The two worlds, in which Ivan Lunati feels at home, can be seen on his office wall immediately to the left of the entry: photos of him hurtling downhill through the deep powder near Verbier. And right next to it, a whiteboard with notes, sketches, integrals, differentials ... – a "wall of ideas" because creative research work is easier for him when he's on the move.

The physicist, who heads one of Empa's scientific labs since February 2020, has enough tricky tasks. For example, the questions of where and how corona viruses spread – whether in cable cars and classrooms or throughout Switzerland and Germany. The results of this research triggered a massive response – and many media appearances with fellow researcher Hossein Gorji from his team. A topic that certainly facilitated the start of the new lab.

Ivan Lunati

Career: Postdoctoral studies at ETH Zurich, Institute of Fluid Dynamics, Senior Scientist at ETH Lausanne, SNSF Professorship at the University of Lausanne, Institute of Earth Sciences. Since February 2020 Empa Head of Department.

Science: Physics studies at the University of Milan, PhD at ETH Zurich, research on porous media, fluid dynamics, multiscale modeling, data science and other fields with numerous publications. Member of numerous expert committees and panelist for funding agencies.

The pandemic as a source of ideas

But why Covid scenarios, of all things, which so many researchers have been jumping on since the beginning of the pandemic? Out of curiosity! Lunati studied the scientific literature on the spread of aerosols along with viruses and found quite a few open questions. "My life was so affected by masks and hygiene and distance rules," he said, "I wanted to understand why my world was suddenly upside down." And everyday work even more difficult: Home office and other measures certainly didn't make establishing the lab any easier, Lunati adds.
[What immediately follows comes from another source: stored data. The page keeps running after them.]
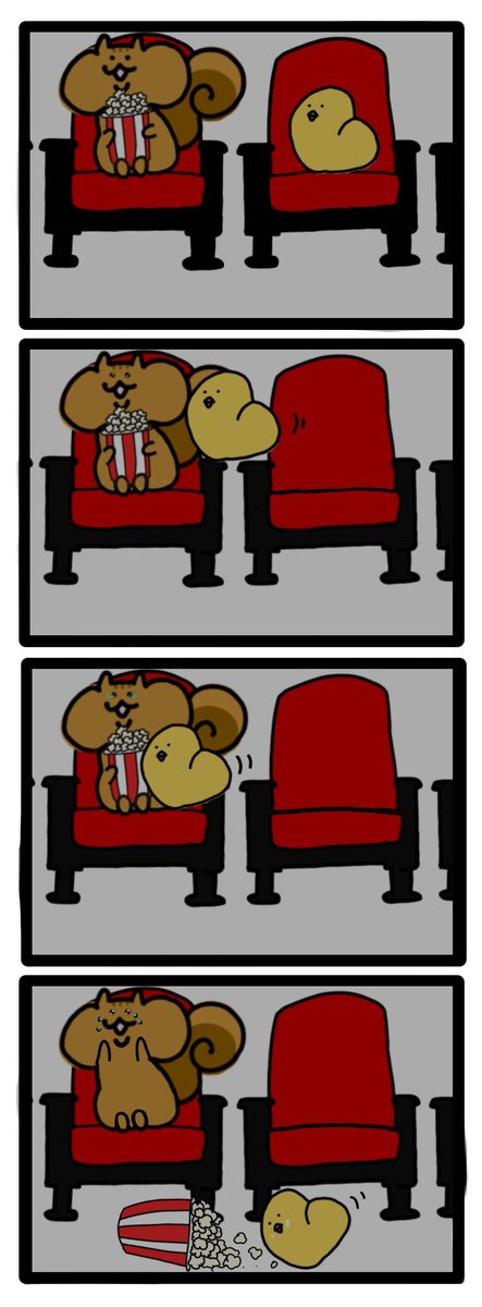 18 267 四コマ 『映画館 』 #四コマ漫画 #イラスト #illustration #ゆるい絵 #とりさん 22/03/16 18:42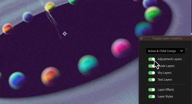 - Adjustment Layers: Toggles the visibility of all adjustment layers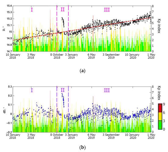 Absolute D measurements for the period of 10 January 2018–1 May 2020 for different geomagnetic conditions in the absolute pavilion of the Klimovskaya observatory: (a) Initial D plot; (b) Detrended dD plot. Right axis on both plots refers to planetary Kp index graph superimposed on D and dD plots.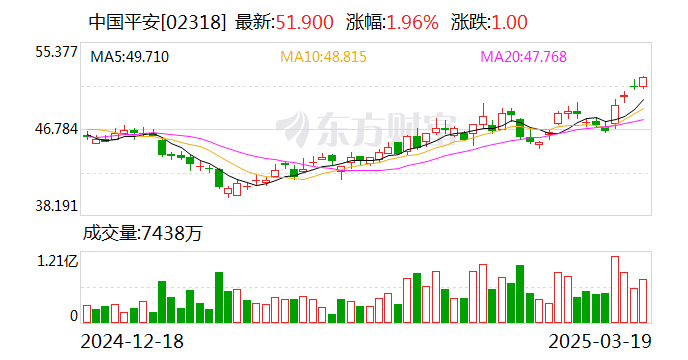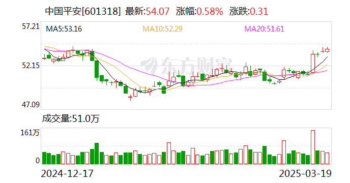 截至今日收盘,中国平安(601318.SH)报收54.07元/股,涨0.58%;中国平安(02318.HK)报收51.9港元/股,涨1.96%。
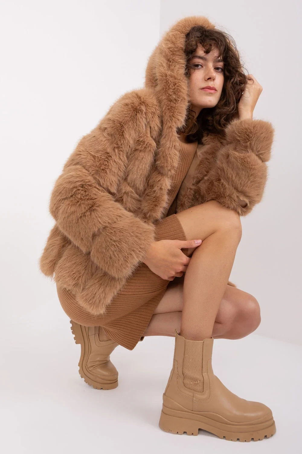 Tato elegantní kožešinová bunda je ideální volbou pro chladnější dny. Její standardní délka a dlouhý rukáv poskytují teplo a pohodlí. Bunda je podšitá pro větší odolnost a pohodlí. Praktickým prvkem jsou kapsy, do kterých můžete uložit drobné předměty nebo si zahřát ruce v chladnějších dnech. Jedná se o přechodnou bundu, která je ideální pro běžné nošení i pro zvláštní příležitosti. Je vybavena kapucí pro větší ochranu před větrem a chladem. Zapínání na suchý zip umožňuje snadné a rychlé oblékání a svlékání. Tato kožešinová bunda je dokonalou kombinací stylu, pohodlí a funkčnosti, která dodá vašemu šatníku eleganci.

In the meantime, his team has taken shape: three senior researchers plus postdocs, students and experienced technicians are already staffing the lab, which also includes a water and a wind tunnel – large-scale infrastructure for experiments that can be used to explore complex flow phenomena.
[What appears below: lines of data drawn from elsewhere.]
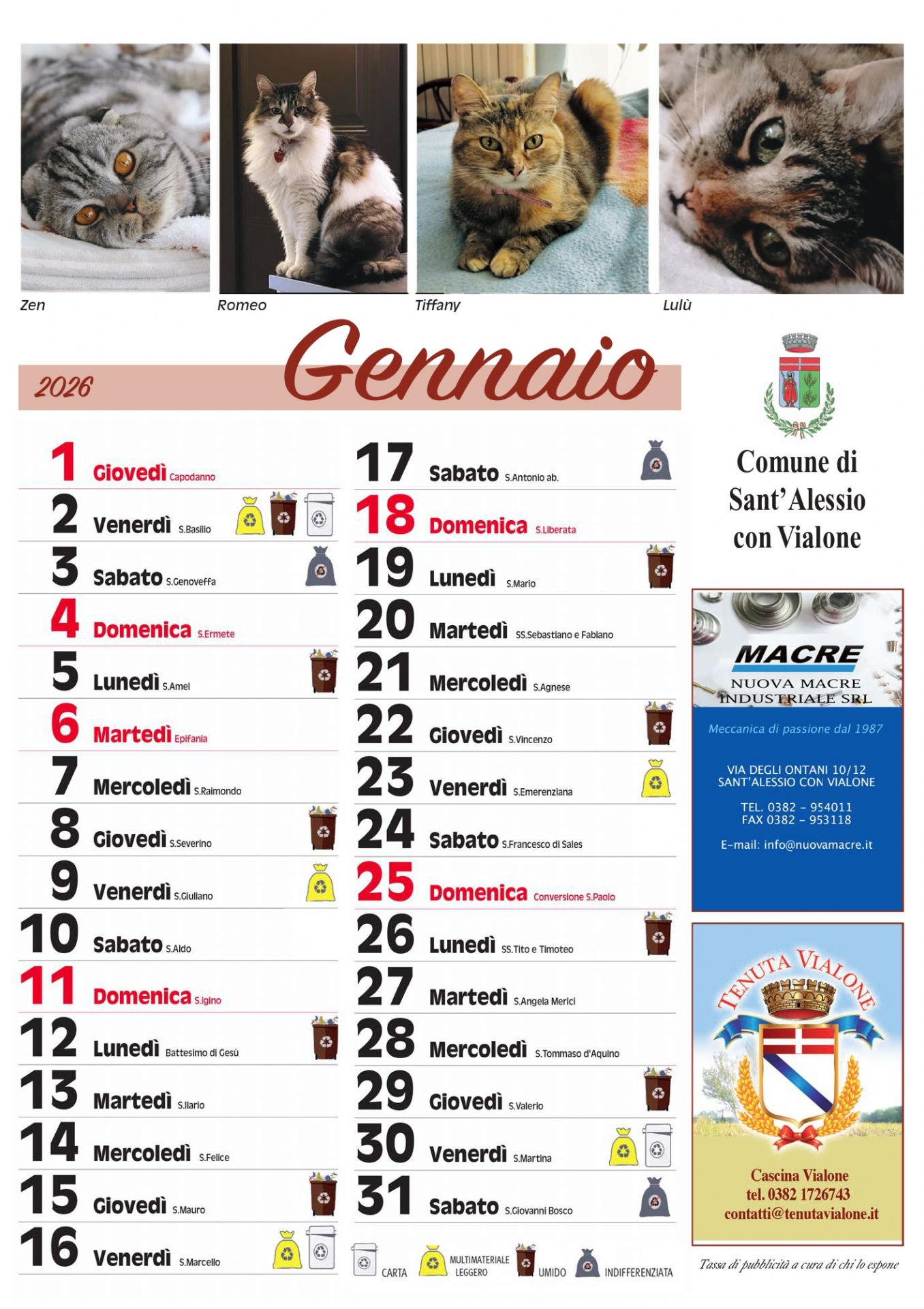 In allegato alla presente comunicazione è disponibile l'immagine del calendario relativo al mese di gennaio, che sarà inoltre stampata e affissa nelle bacheche comunali, così da garantire a tutti un riferimento immediato alle corrette modalità di conferimento.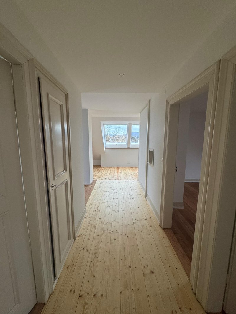 Eine sanft renovierte 4-Zimmerwohnung auf 2 Stockwerken mit dem Charme eines Altbaus und dem Komfort modernen Innenausbaus. 3 Zimmer Küche und Bad auf der 3.Etage, 1 grosses Raum mit grossen Fenstern zur Langen Erle im 4.OG.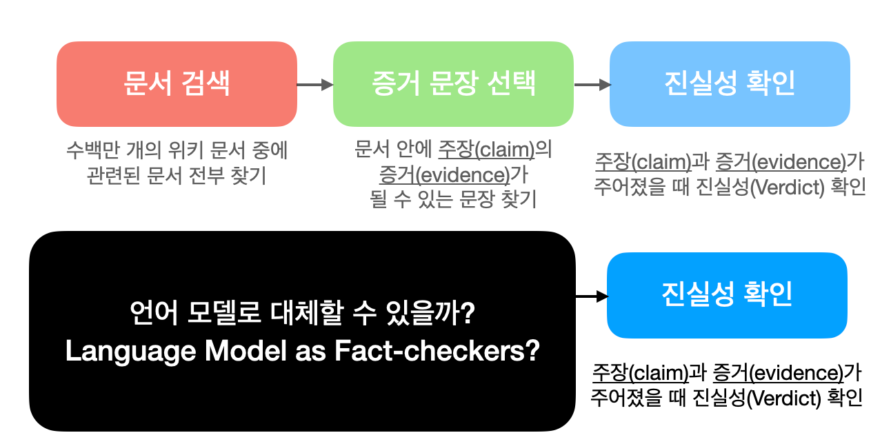 이 논문을 보며 "이러한 LM 의 능력을 사용해서 팩트체킹 파이프라인 모듈들을 단순화시키면 어떨까?" 란 생각을 하게 되었습니다.

For example, for Covid research. To better understand how droplets containing pathogens move and spread in the air, the team developed a "cough machine." As if from lungs, two piston tubes exhale compressed air from a "mouth" with relative humidity, temperature, and droplets as if from a human. Two cameras in the wind tunnel record how the droplets move about. Using tiny particles to visualize air movements, more accurate models can be developed of how viruses spread in real life.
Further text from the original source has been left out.